Alicia se quedó tan estupefacta que durante un minuto no pudo pronunciar palabra: parecía como si se hubiese quedado sin respiración. Por último, mientras la Azucena Atigrada seguía balanceándose, Alicia volvió a hablar, y preguntó con voz tímida… casi en un susurro: «¿Y pueden hablar
todas
las flores?».
—Igual que
tú
—dijo la Azucena Atigrada—. Y mucho más fuerte.
—No está bien que hablemos primero nosotras —dijo la Rosa—; y la verdad es que me estaba preguntando cuándo empezarías tú. Me decía: «Tiene un
poco
cara de juiciosa; ¡aunque no se la ve muy lista!». Sin embargo, tienes el color adecuado, y eso ya es mucho.

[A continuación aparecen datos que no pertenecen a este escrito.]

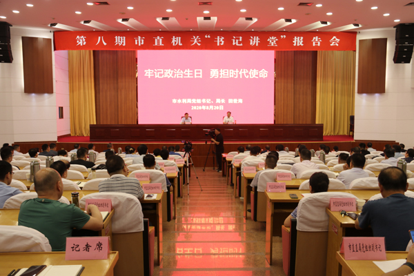 8月20日上午,市直工委在市政府一樓會議室舉行第八期市直機(jī)關(guān)“書記講堂”報告會。市水利局黨組書記、局長田世海作了題為“牢記政治生日 勇?lián)鷷r代使命”的報告,市直工委書記李濤主持報告會。市直各直屬黨組織副書記、市直機(jī)關(guān)理論宣講員、市水利局系統(tǒng)黨員干部代表等150余人參加了報告會。
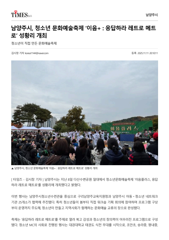 2025.11. 남양주시, 청소년 문화예술축제 이음플러스 응답하라 레트로 메트로 성황리 개최 작성자 청소년수련관 등록일자 2025년 11월 26일 13시 15분 0초 조회 56 남양주시, 청소년 문화예술축제 이음플러스 응답하라 레트로 메트로 성황리 개최 남양주시 청소년 문화예술축제 이음플러스 응답하라 레트로 메트로 성황리 개최 (2).png [ Size : 364.5KB, Down : 61 ] 미리보기 다운로드 남양주시 청소년 문화예술축제 이음플러스 응답하라 레트로 메트로 성황리 개최 (1).png [ Size : 55.32KB, Down : 52 ] 미리보기 다운로드 목록보기
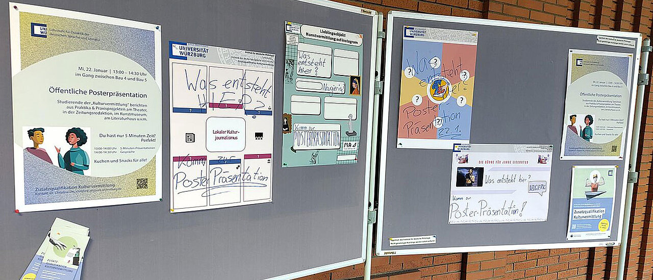 Am 21. Januar 2026 ab 13:00 Uhr stellen Studierende der Zusatzqualifikation Kulturvermittlung ihre Praxiserfahrungen in einer Posterpräsentation im Philosophiegebäude am Campus Hubland Süd vor.
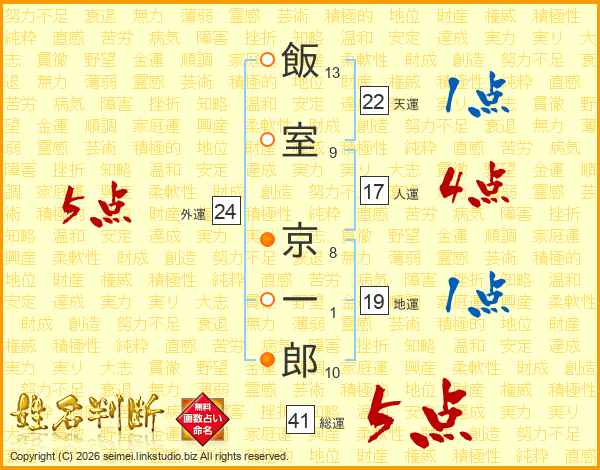 飯(13画)室(9画) 京(8画)一(1画)郎(10画)
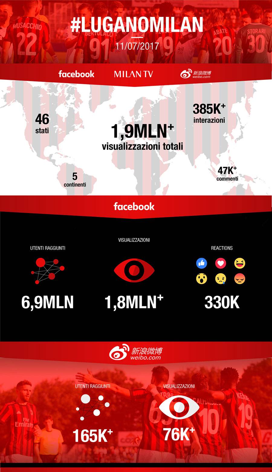 Per quanto concerne la diretta social in cinese sul profilo rossonero di Weibo, nonostante l’ora tarda (al momento del calcio d’inizio in Cina era l’1 di notte), il live dell’amichevole Lugano-Milan ha raggiunto oltre 165mila utenti. Numero comunque interessante, considerando orario e impegno non di alto livello.
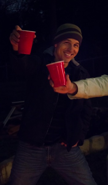 This picture shows a man extending his arm holding a red plastic cup as if he were toasting to something with another person also holding a cup out.
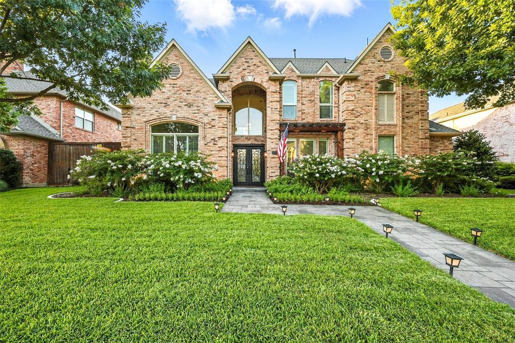 Stunning luxury home with exceptional curb appeal and multiple outdoor living areas. Behind the striking double iron-and-glass front doors, hardwood floors lead through an inviting entry accented by modern iron balustrades and an updated chandelier. The formal dining room is perfect for gatherings large or small. The adjacent office or living room showcases a marble fireplace, architectural windows on both north and south walls, and glass French doors for privacy and a transom for added light and openness. The kitchen is a true showpiece. It features marble countertops, white Shaker cabinetry, and top-of-the-line Wolf appliances, including a six-burner gas range with griddle, double oven, and commercial-grade vent hood. Additional highlights include a Kohler farmhouse sink with Moen faucet. The adjacent breakfast room has a built-in china cabinet with a Sub-zero wine refrigerator. The kitchen opens seamlessly into a warm family room with a beamed ceiling, built-in cabinetry, gas fireplace, and wet bar with marble counters and wine storage. The primary suite offers a serene retreat with hardwood flooring, remote-controlled blinds, and French doors leading to a private patio. The spa-inspired bath includes marble counters, shower with dual showerheads, a whirlpool tub with air massage, smart mirrors, and a custom-designed closet with extensive storage and locking drawers. The second bedroom downstairs is split from the master to make a perfect guest room or nursery. Upstairs, you’ll find a spacious game room, two additional bedrooms with walk-in closets, and a shared updated bath. Outdoors, enjoy resort-style living with all-synthetic turf, a covered patio with cedar pergola, built-in grill, fireplace, and a plunge pool with whirlpool jets and water feature. Every system has been meticulously updated—from attic ventilation and gutter screens to freshly painted interiors (2025)—ensuring a move-in-ready masterpiece of comfort, elegance, and modern luxury.
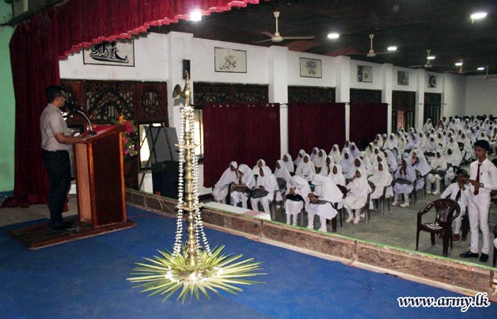 22 Division troops of the Security Force Headquarters - East (SFHQ-E) facilitated educational seminars for the benefit of students sitting the G.C.E (O/L) examination in December - 2017 at Kinniya Central College and Al–Aksha Vidyalaya, Kinniya during 25-26 November.
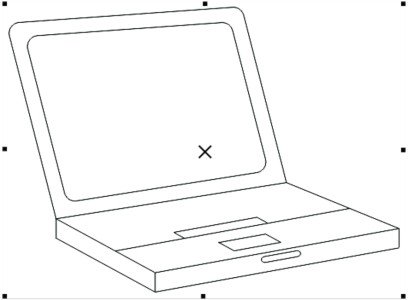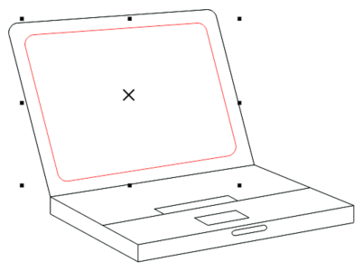 Das ausgewählte Objekt wird mit einem Auswahlrahmen und einem X in der Mitte angezeigt.
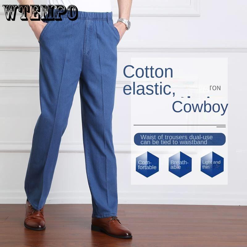 Мужские джинсы среднего и старшего возраста, свободные повседневные прямые брюки, новые летние повседневные брюки, весенние брюки с высокой талией и эластичной резинкой на талии для папы

—A mí me da igual el color —comentó la Azucena Atigrada—. Si se le curvasen los pétalos un poco más hacia arriba, sería perfecta.
No le gustó a Alicia que se pusiesen a criticarla, así que empezó a hacer preguntas:
—¿No os da miedo a veces estar plantadas aquí fuera, sin nadie que cuide de vosotras?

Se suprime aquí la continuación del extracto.